Eine kurze Analyse von Edgar Allan Poes ‚Alone‘

Von Dr. Oliver Tearle

Edgar Allan Poe (1809-49) schrieb ‚Alone‘, als er noch sehr jung war – erst 21 Jahre alt. Das Gedicht blieb bis 1875, über ein Vierteljahrhundert nach Poes Tod, unveröffentlicht. Die Stimmung ist in der Tat etwas, das viele von uns aus ihrer Teenagerzeit und Jugend kennen: das Gefühl, ganz allein zu sein und in der Welt um uns herum ein Außenseiter zu sein, nicht nur physisch, sondern auch emotional allein. Hier ist das Gedicht von Poe, gefolgt von einigen Worten der Analyse.

Einsam

Von der Stunde der Kindheit an bin ich nicht gewesen
Wie andere waren – ich habe nicht gesehen
Wie andere sahen – ich konnte nicht
Meine Leidenschaften aus einer gemeinsamen Quelle schöpfen
Aus derselben Quelle habe ich nicht genommen
Meinen Kummer konnte ich nicht erwecken
Mein Und alles, was ich liebte, liebte ich allein
Dann, in meiner Kindheit, in der Morgendämmerung
Des stürmischen Lebens, zog ich
Aus allen Tiefen des Guten und des Bösen
Das Geheimnis, das mich noch immer bindet
Aus dem Wildbach, oder dem Brunnen
Vom roten Felsen des Berges
Von der Sonne, die um mich herum rollte
In ihrer goldenen Herbstfärbung
Vom Blitz am Himmel
Als er an mir vorbeiflog-
Vom Donner, und dem Sturm
Und der Wolke, die in meinen Augen die Form
(Als der Rest des Himmels blau war)
eines Dämons annahm-

Wenn wir jung sind und darum kämpfen, unseren Platz in der Welt zu finden und einzunehmen, haben viele von uns das Gefühl, dass wir einfach nicht so sind wie andere Menschen. Es ist wenig überraschend, dass Edgar Allan Poe – wenn wir dieses lyrische Gedicht als persönlichen Ausdruck seiner eigenen Gefühle betrachten – ebenfalls so empfunden hat:

Von Kindesbeinen an bin ich nicht gewesen
Wie andere waren, habe ich nicht gesehen
Wie andere sahen, konnte ich nicht bringen
Meine Leidenschaften aus einer gemeinsamen Quelle
Aus derselben Quelle habe ich nicht genommen
Meinen Kummer konnte ich nicht erwecken
Mein Herz zur Freude im gleichen Ton-
Und alles, was ich liebte, liebte ich allein-

Es ist eines der Paradoxe der Jugend, dass jeder genau das Gleiche durchmacht: Das Gefühl, anders zu sein als alle anderen.
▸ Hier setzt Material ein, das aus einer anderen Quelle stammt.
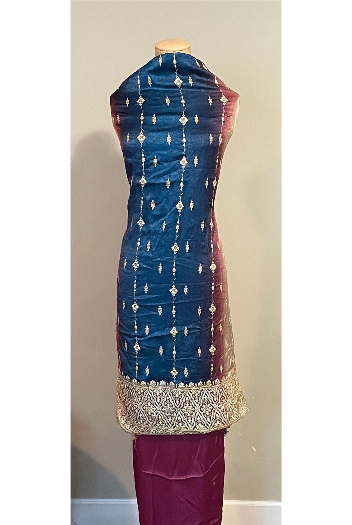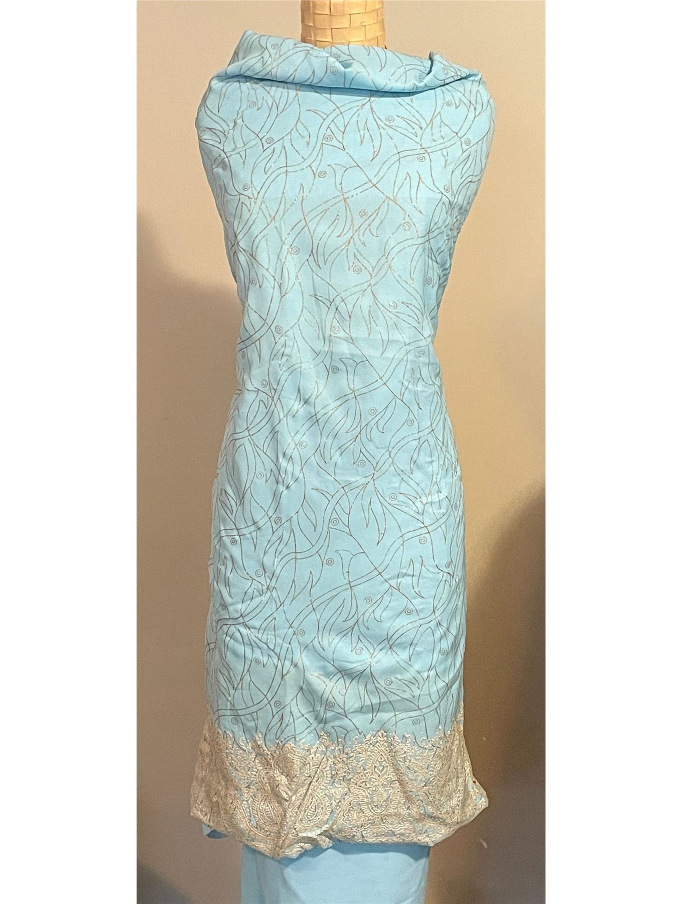 Women’s unstitched suit material with hand block foil design. High quality crepe or satin material in 2 or 3 piece, Each suit set is made up of

In Zeilen von jambischen Tetrameter-Reimpaaren – ein beißend ironisches Reimschema, da Poes Gedicht von seinem eigenen Versagen handelt, sich mit jemandem zu paaren oder seinen Gefährten oder seine Ergänzung zu finden – skizziert Poe die Tragödie des Andersseins, des Nicht-Teilhabens an der Masse. Wie eine Art verspäteter Romantiker (und in vielerlei Hinsicht bleibt Poes Dichtung fest in der romantischen Tradition verankert) grübelt Poe über seine Einsamkeit nach.

Poes „Alone“ endet scheinbar mitten im Satz, mitten im Gedanken, mit einem Gedankenstrich – und ebnet damit den Weg für eine andere einsame amerikanische Dichterin des neunzehnten Jahrhunderts, Emily Dickinson. Poe selbst starb im Alter von nur vierzig Jahren, nachdem er allein auf den Straßen von Baltimore gefunden worden war.

Der Autor dieses Artikels, Dr. Oliver Tearle, ist Literaturkritiker und Dozent für Englisch an der Universität Loughborough. Er ist u.a. Autor von The Secret Library: A Book-Lovers‘ Journey Through Curiosities of History und The Great War, The Waste Land and the Modernist Long Poem.